Ein Kernsatz der intellektuellen Exzellenz ist: nur was mit den Werkzeugen des Verstandes bewiesen werden kann, ist real. Dem Rest ist zu misstrauen. Dies ist einerseits ein sehr nützlicher Satz, der die rasante technische Entwicklung der letzten Jahrhunderte möglich gemacht hat, und diese Entwicklung hat die Welt ohne Zweifel reicher, bequemer und auch friedlicher gemacht. Auf der anderen Seite hat diese Haltung auch ihre Grenzen, und zwar immer dort, wo es um das subjektive, innerliche Erleben geht – wo es um Seelenthemen geht.

Ein rationaler Mensch ist einer, der die Fähigkeiten des Egos, seine Umgebung zu konrollieren und zu verstehen, bis auf die Spitze getrieben hat. Die Ratio ist allerdings nicht dazu fähig, die grossen Fragen des Lebens zu beantworten: was ist der Sinn des Lebens? Was ist ein Mensch? Wozu sind wir hier? - hier kommt die Seele herein, und diese ist von ihrer Natur nicht kontrollierbar; es ist nicht möglich, sie in wissenschaftliche Experimente zu zwängen, die sich nach Belieben wiederholen lassen. Die Seele ist ein Wesen, das sich durch Wunder und Synchronizitäten äussert. Das bedeutet nicht, dass die Seele ausserhalb der Naturgesetze agiert; es bedeutet lediglich, dass sie auf eine Weise handelt, die vom Ego nicht auf Kommando abrufbar ist.

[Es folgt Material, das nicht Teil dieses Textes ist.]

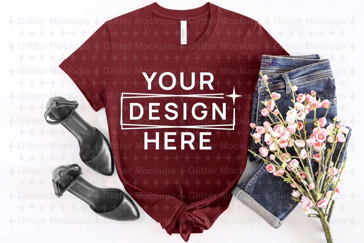 Bella Canvas 3001 Maroon Mockup, Styled Mockup, Flat Lay
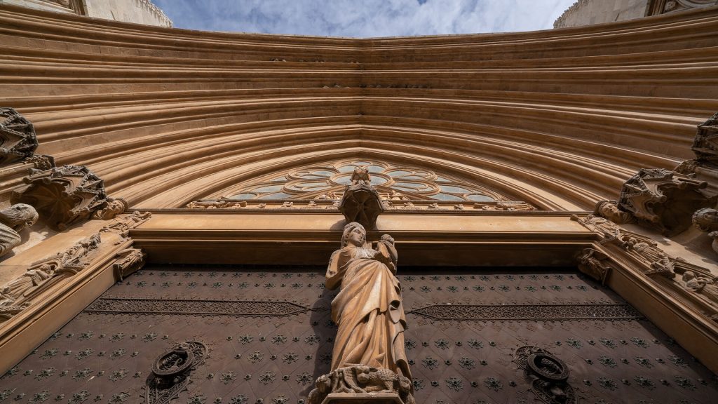Portalul principal ilustrează perfect această evoluție asimetrică. Scena Judecății de Apoi, sculptată cu un realism psihologic tulburător pentru secolul al XIV-lea, susține o rozetă uriașă cu un diametru de 11 metri. Lucrările la acest ansamblu de fațadă s-au oprit brusc în 1348. Izbucnirea Ciumei Negre a decimat populația Europei, inclusiv breslele de pietrari catalani, lăsând partea superioară a catedralei neterminată. Zidăria oprită în plin elan estetic funcționează ca o amprentă vizibilă a colapsului demografic medieval.

David R. Hawkins bezeichnet den Übergang vom rationalen Denken zur nächst höheren Stufe, der Liebe, als einen der schwierigsten überhaupt. Das Studium der Welt mit wissenschaftlichen Mitteln verleiht viel Macht, und es ist ein riesiges Labyrinth – immer kann noch mehr gewusst, noch mehr erforscht werden, jede Frage, die eine Antwort findet, wirft neue Fragen auf. Und dennoch weist auch die Wissenschaft selbst immer wieder den Weg über sich selbst hinaus, gerade in der Physik, aber auch in der Biologie. Was Bewusstsein ist, was Geist ist und wie der Geist mit der Materie interagiert, ist eine ungelöste Frage, die unter dem Namen Qualia-Problem bekannt ist. Wenn Physiker ihre Formel zurück rechnen bis zum Moment Null des Urknalls, werden ihre Formeln mathematisch widersinnig, da sich Unendlichkeiten ergeben, mit denen nicht gerechnet werden kann... Hier werden Lösungen gefunden werden müssen, die nicht im Denkbereich des Rationalen zu finden sein werden, sondern in den höheren Bewusstseinsebene.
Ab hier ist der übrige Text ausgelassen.